Probably the archetypal play of liberal protest is Arthur Miller's The Crucible, written in response to the McCarthy-era hysteria against Communists. It's notable that, rather than caricaturing McCarthy himself, Miller went back 300 years in American history to the Salem witch trials to make his point. Another current model of theatrical protest is the tribunal theatre, a specialty of London's Tricycle Theatre, who have just opened with a dramatisation of the Saville inquiry into Bloody Sunday. In this theatre, there is no fictionalising at all: just a carefully honed presentation of fact. Another tack was taken in Melbourne recently, in a brilliant piece of movement theatre that addressed the treatment of asylum seekers, Subclass26A.

Whatever the merits of any of these approaches (I have real doubts about documentary theatre), there is no doubt that they are all effective ways of theatricalising political debate without cheating the issues. Rayson's fictionalising falls between several stools. Of course she has every right to make up what she likes: but it's hard to avoid a sense of exploitation in this work. Behind her exaggerated fictions are real tragedies and real questions and, moreover, real people. Fudging the differences between fact and imagination does service to neither; it confuses the debate (as Andrew Bolt's hysterical responses demonstrate) and raises the uncomfortable question of art exploiting human suffering.

Simon Phillips certainly gives the play a slick production. Stephen Curtis' elegant revolving set sweeps the short scenes across the stage, minimising any longueurs in the script with swift pacing, and he has a high quality cast. Garry McDonald manages his melodramatic role with a surprising flair; although there is absolutely no development in this character - or in any of the others - he generates a complex presence on stage of moral weakness and intransigent greed. Nicholas Eadie demonstrates that it's much more fun playing the bad guy; the only complexity he can find is an occasional kink in his halo.

I was troubled by the female characters. Fiona Benedict, Eggs' unfortunate wife, beggars belief as the browbeaten neurotic socialite. Diane Craig does her best, but in between talking about dresses and bursting into tears, there's really not much she can do to make her character credible. Jamie Savage (played with brutal efficiency by Caroline Brazier) is a porn fantasy of the working woman, and is the real source of evil in the play; one wonders, as an aside, why the strong public woman necessitates a scene of sexual humiliation. Even the supposedly liberated teacher, Ange (Laura Lattuada), demonstrates her feminine credentials by constantly talking about cooking: we can't have those feministas too out there, I guess.

But, as always with Hannie Rayson, this is impeccable middle class theatre about middle class characters directed to middle class audiences.

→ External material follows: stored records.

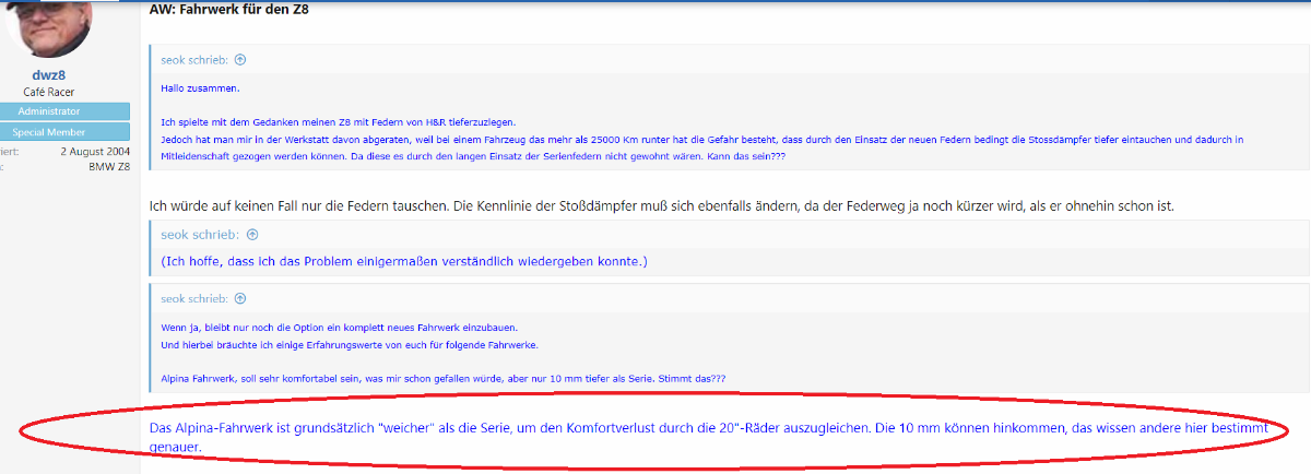 Stimmt schon mitm Alpina Z8 und der weicheren, komfortableren Abstimmung. Auf der Retro stand mal einer zum Verkauf, da wurde explizit darauf hingwiesn.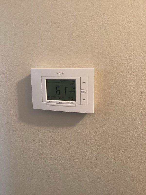 Responded to service call for blank thermostat display in main living area. Performed diagnostic evaluation on Sensi digital thermostat and residential air conditioning system. Determined root cause of display malfunction and completed necessary repairs to restore proper thermostat operation and temperature control functionality.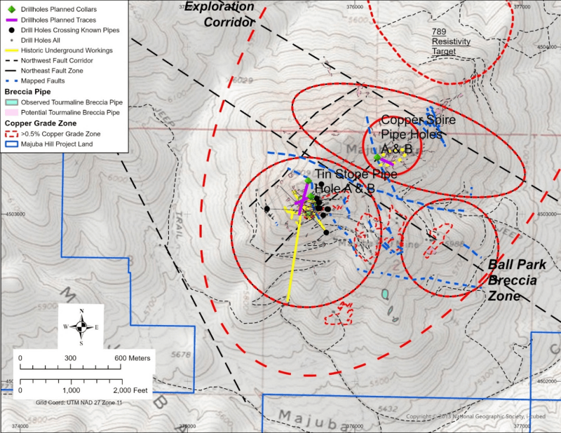 Mr. David Greenway commented: "Our understanding of the Majuba Hill system continues to advance through the integration of geological modeling, historical data, and A.I.-assisted targeting tools. These deep drill holes are designed to test priority zones identified through this data-driven approach, including areas beneath historical workings that remain underexplored by modern drilling, based in part on work conducted by previous operators, including historic drilling by Freeport Sulfur in the 1940's and Mine Finders in the 1970's. By combining advanced analytics with core geological interpretation, we aim to better define the scale and continuity of mineralization at depth."

It doesn't dig deep enough to disturb any assumptions or to be genuinely moving, but perhaps it provides the fodder for a few dinner party conversations. It resolves debate into easily digestible binaries - right vs left, good vs evil, victim vs oppressor. In this way it's a kind of negative reflection of the simplistic Manichean universe of our good friend, Mr Bolt. Therein, perhaps, lies its deepest problem.